Something seemed to break inside North. He didn’t seem to be able to stand up straight, and he had one hand pressed low against his belly as he breathed raggedly. “Finally,” he managed to say. “Thank you—”

“Stop talking,” John-Henry said. Even the golden tan couldn’t hide his exhaustion, as though the fluorescent lights had peeled everything back. The lines at the corner of his mouth were white with pressure. One hand was a fist, and he kept moving the fingers as though he wanted to loosen them but couldn’t. Finally, in a voice that didn’t sound very much like John-Henry, he asked, “Are you all right?”

North nodded.

“We’re ok,” Shaw said, and the words sounded small. “We know Emery’s upset—”

North made a sharp gesture with one hand, and Shaw subsided.

Quick steps hurried past, and the curtain fluttered on its rings. Shaw could hear his heartbeat inside his head. His face felt hot, and his eyes stung. North was still taking those terrible breaths.

“Fine,” John-Henry said. “I mean, good. That’s good.” Then he stopped again. “You’ve done some good work on this case. You found Welch; thank you for that. I think this is the appropriate time to close out your part in the investigation. If you’ll submit an invoice, I’ll see that you get paid as quickly as possible.”

North made a noise that might have been a laugh.

Shaw opened his mouth, but nothing came. Finally, he managed, “John-Henry.”

“I’ve got a uniformed officer waiting to give you a ride back to the motor court,” John-Henry said.

“But we’re not done,” Shaw said. “You don’t have to pay us, that’s fine, but this isn’t done. We don’t know who hired Ezell. We don’t know if Brey was behind it or Gid or someone else entirely. There are still links to the Cottonmouth Club, and we need to follow them back, find a way to get someone to talk. Otherwise, they’ll keep getting away with it.”

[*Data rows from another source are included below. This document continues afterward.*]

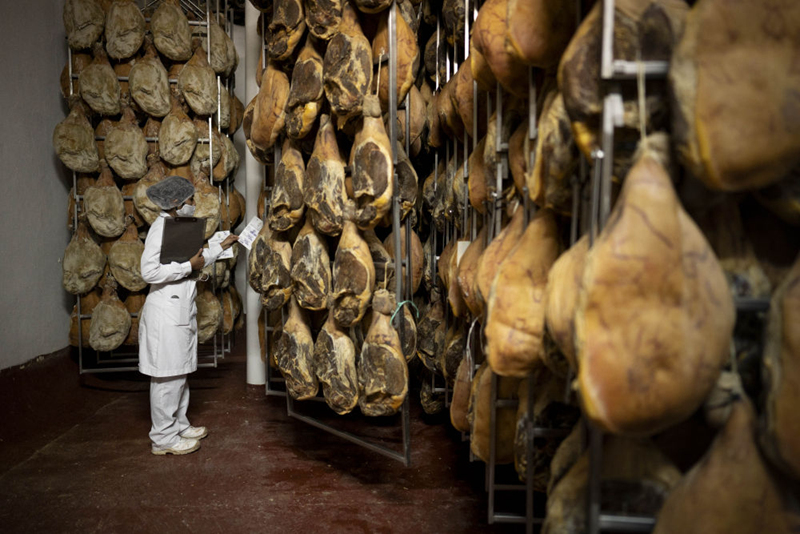 10月28日,在阿根廷首都布宜諾斯艾利斯附近的馬科斯·帕斯,一名工人檢查火腿的制作情況。這座人口僅有6萬多人的小鎮以城市之名報名參加第三屆進博會。新華社發(馬丁·薩巴拉攝)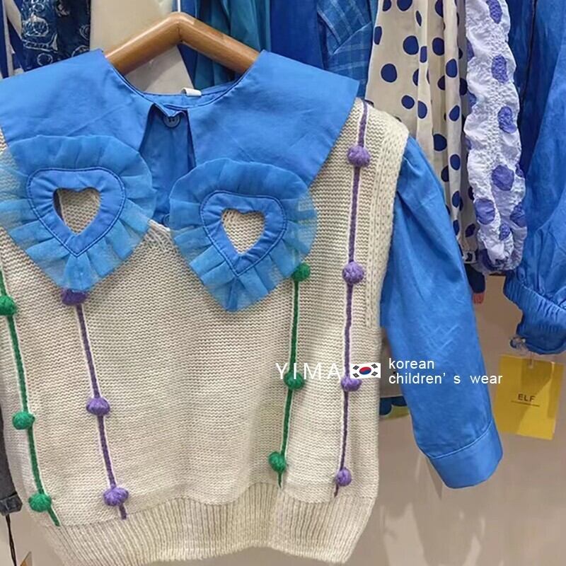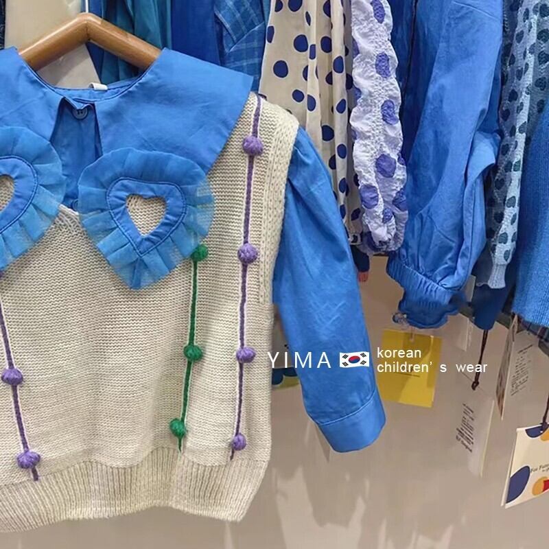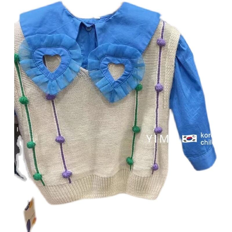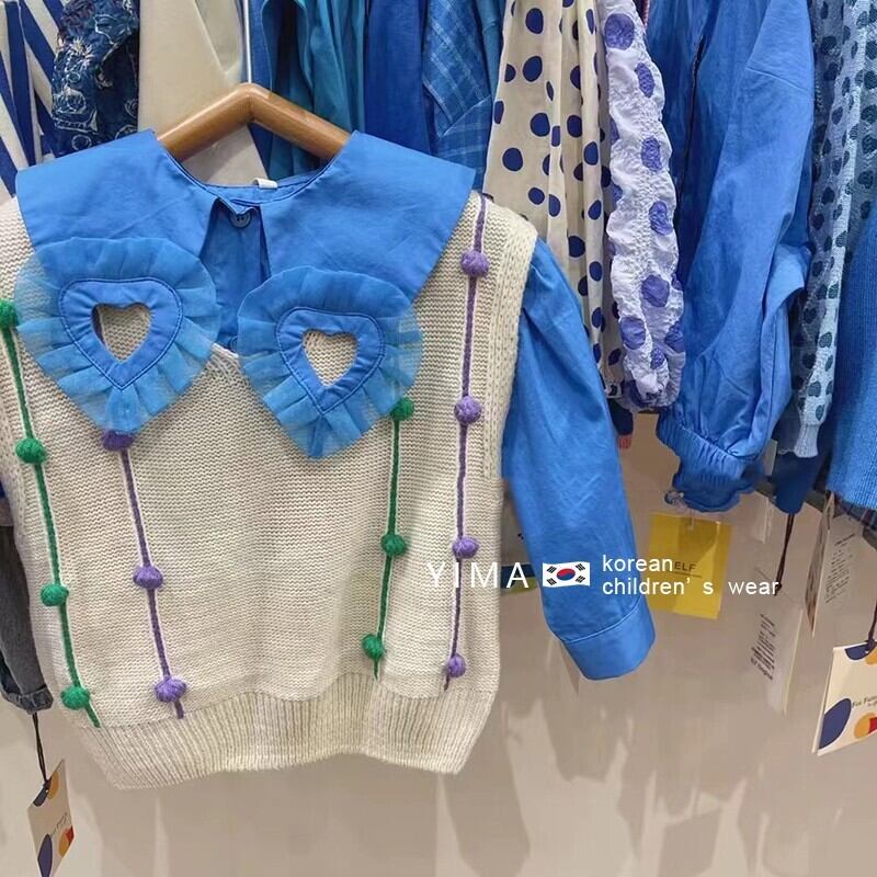 色:ブルーのデザインシャツ,ベージュのニットベスト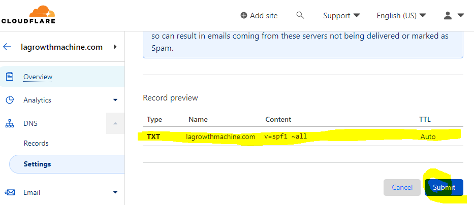 Une fois que vous avez créé la nouvelle entrée TXT, il vous suffit de soumettre votre code dans votre console DNS. Dans cet exemple, v=spf1 a ip4:12.34.56.78/28 include:lagrowthmachine.com ~all.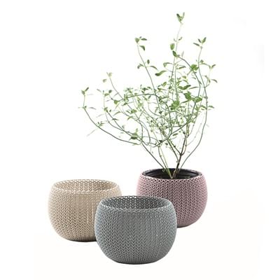 Doniczka Cozies M składa się z 2 elementów - efektownej, wyglądającej na wyplataną osłonki w atrakcyjnych kolorach, oraz wkładu, który można swobodnie wyjmować, co ułatwia prace typowo ogrodnicze. Wkład posiada otwór drenażowy, dzięki czemu w zależności od potrzeb można ją używać we wnętrzu, jak i na świeżym powietrzu.

John-Henry gave him a look that might have been pitying. All he said was “Officer Foley will get you back to the motor court, and Auggie offered to drive you back to St. Louis.” He caught the curtain with one hand, his back to them now, and said, “I’m sorry this is how things worked out.”

The curtain fluttered behind him.

North slapped a plastic pamphlet holder off the countertop. It cracked against the wall, and pamphlets went everywhere. He shouted, “Fuck!” and kicked a stool, and its casters screeched as it spun away.

A nurse yanked the curtain back—fortyish, Black, with either a great ponytail or an even better weave. “What’s going on in here?”

North was taking those awful breaths again. It was the way something hurt breathed, Shaw realized. Something hurting so much it couldn’t get all the air it needed. He glared at the nurse, but it didn’t seem to faze her.

“Nothing,” Shaw said, slipping off the exam table. He took North’s hand. “We’re leaving.”